Day 25 Dillengen – Neuberg Wed 16/08/06
A reasonable nights sleep, and after I bought a bakers bag of misfit rolls for a Euro, I set off again. The days cycling was easy enough, with just a couple of steep climbs. I paced along, and even though I have overtaken other cycle tourists on my journey, I have yet to be overtaken by any. (What do you mean, it's not a competition??) I didn't have a map for today, and was relying on the Cicerone guide book and the signposts which did me fine up to the point when they decided to part company with one another. I decided to stick with the signposts, and ended up in the town of Neuberg, which I wasn't expecting to do, but it had a campsite, so no worries.
Then looked around the old centre, which has a stunning cathedral and hundreds of fine old buildings. Stocked up at Nettos, and although I considered a glorious hatrick of McDonalds, I decided on a tin of Maggi Ravioli instead. I remember Maggi from my first trip around Australia, when Andrea and I were on an all noodle diet to save cash, and here they are again!

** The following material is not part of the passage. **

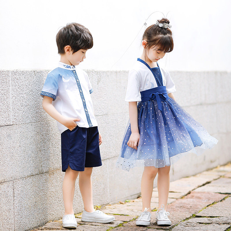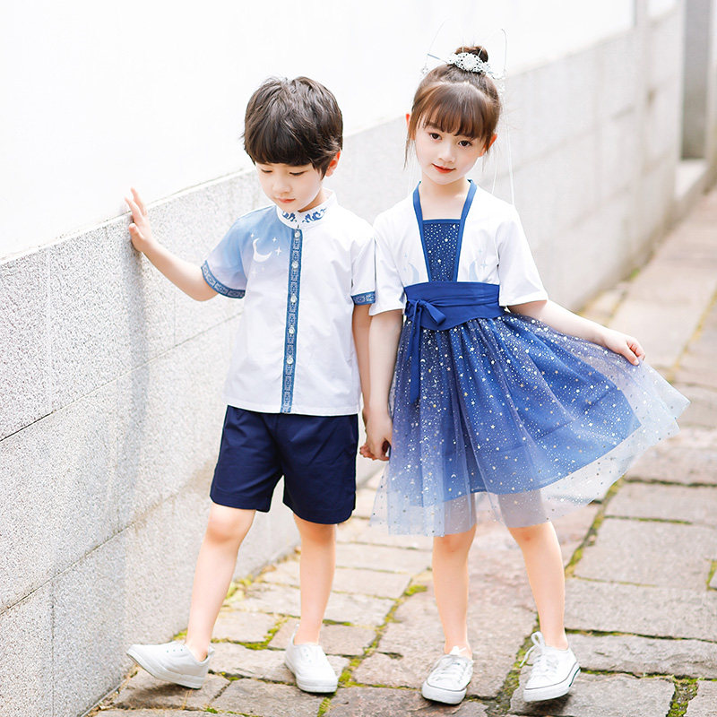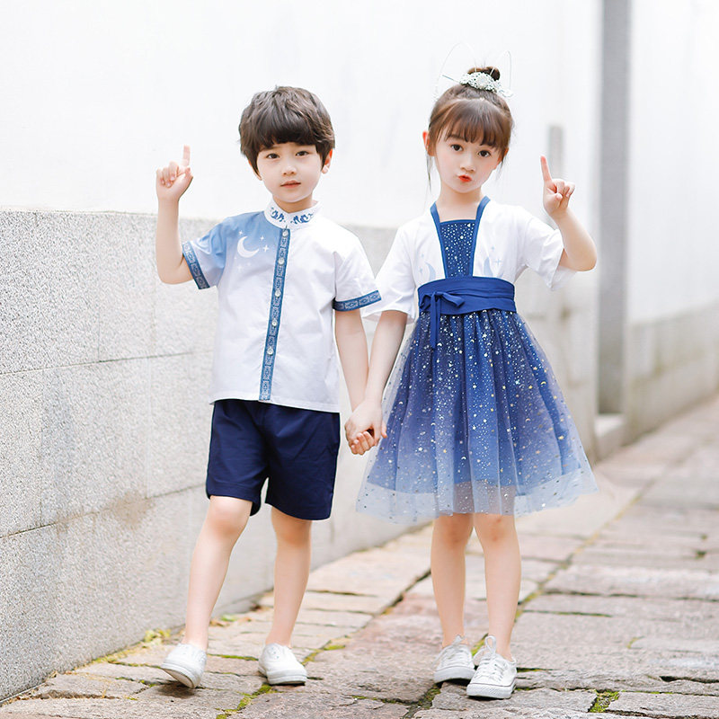 Hanfu Girls Summer Clothing China Wind Jacket Dresses Superfairy Suit Boy Goosewear School Uniform Chinese Style Big Boy Suit Custom

I made the breakfast at the guesthouse a good one, and also took a roll away with me for later on. I was really flying today, and didn't want to stop! At one stage, i cycled with a group of German lads, and used them as a windshield until one of them fell off. I decided to bypass Passau, and carry on into Austria. There was no ‘welcome to Austria sign', but here I am all the same, in my third different country so far. I carried on pacing along, and my average speed of 20kmh is my fastest so far. The cycle path on the Austrian side is proving to be very smooth, and follows close to the River Danube's edge. Had to take a two euro ferry across to the opposite side at one point.